Dizzy and over-the-top, director/actor Mark Ruffalo has created an interesting, though not all together successful film that is original in style and plot, but lacks in coherancy.

Christopher Thornton gives an excellent performance as a former DJ who is now wheelchair bound and living on the streets of L.A. He meets a priest who helps him find that he can physically heal people, just not himself. He uses his gift to become a member of a rock band instead of helping others.

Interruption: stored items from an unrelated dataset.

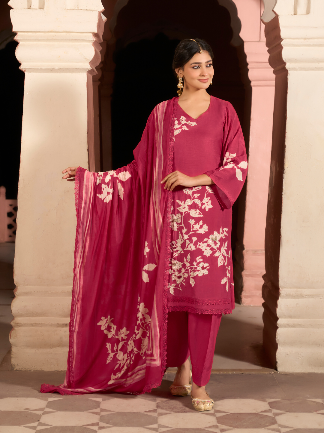 Dupatta: Muslin designer printed dupatta with lace. (Length: 2.40 meters)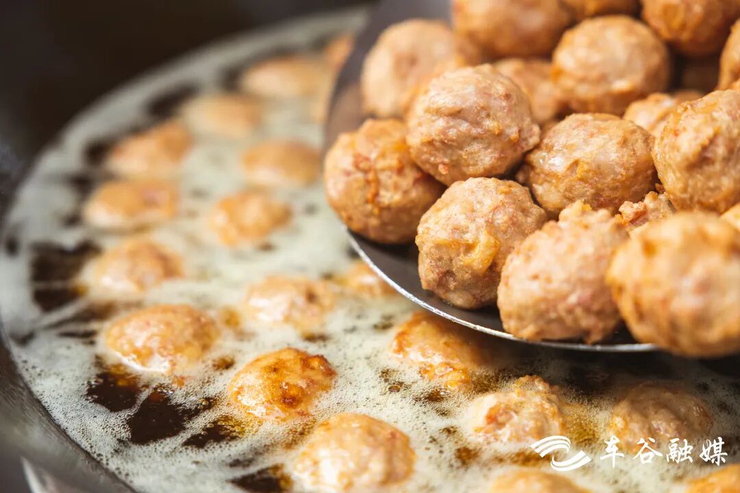 “新鲜出炉的炸肉圆子,可以先尝再买。”此时,炸圆子的摊位上也聚满了人,现场制作的肉圆子在油锅里上下翻腾,不多时就已经变成诱人的金黄色,让人垂涎欲滴。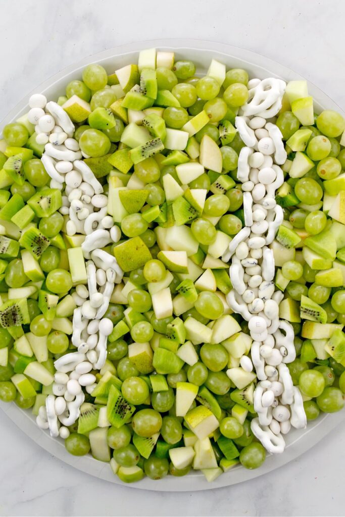 A fruit tray works well no matter the event, but especially at something like a brunch-style party or a viewing party. It is also incredibly easy to make. You can customize the fruit and snacks and their ratios to fit your preferences. I would swap out the white snacks with white cheeses instead!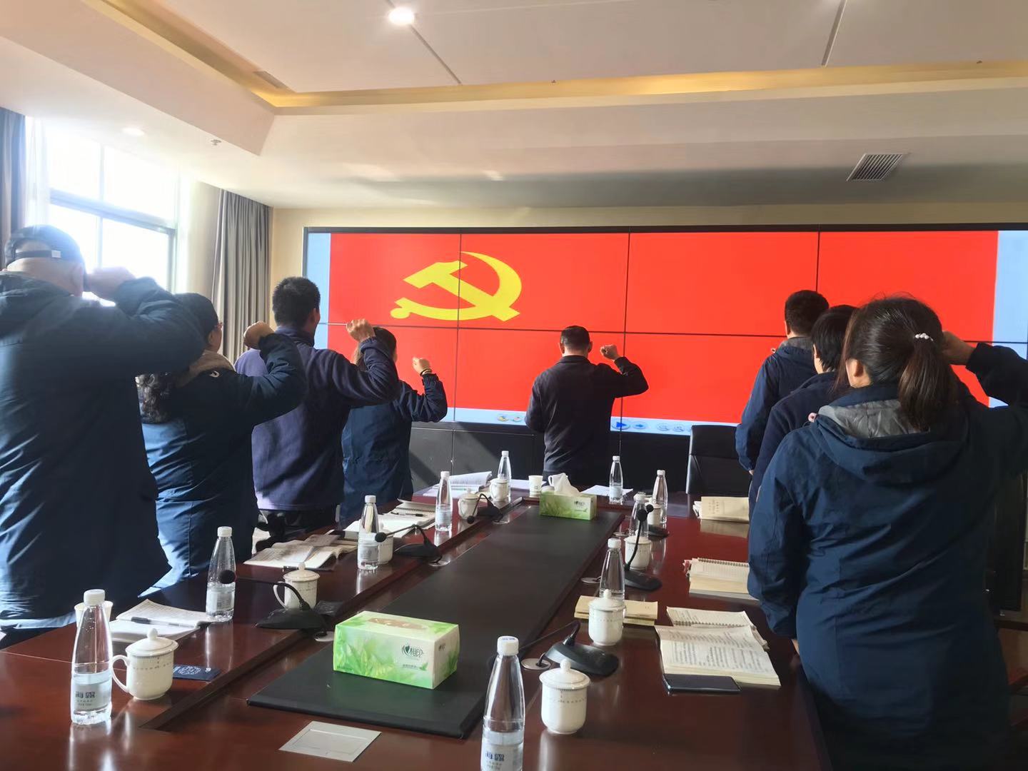 唱完国歌,全体党员面对党旗,在许书记带领下举起右手庄严宣誓:“我志愿加入中国共产党,拥护党的纲领,遵守党的章程……”。入党时激情澎湃的誓词回荡的耳边,提醒党员干始终坚定理想信念、牢记党的宗旨,不忘初心、砥砺前行。

Overall I am giving the film a slight thumbs up, but the possibilities here are much more than what we get. Good performances and direction help, but the overall story just isn't tight enough.
April 20, 2011
Really good independent film about a wheelchair bound man who acquires the ability to heal but not himself. It takes a look at greed, moral vaule and the church. Great performances.
May 19, 2010
It definitely has its flaws, but there's a passion behind the storytelling that makes it work. The premise is a fascinating one, but I couldn't help but be let down by the ending - too simple, too easy (even if it is supernatural). The acting, in the end, is what pulls it through more than anything.
November 6, 2013
Crap story, forgettable and unlikable characters, what more can I say.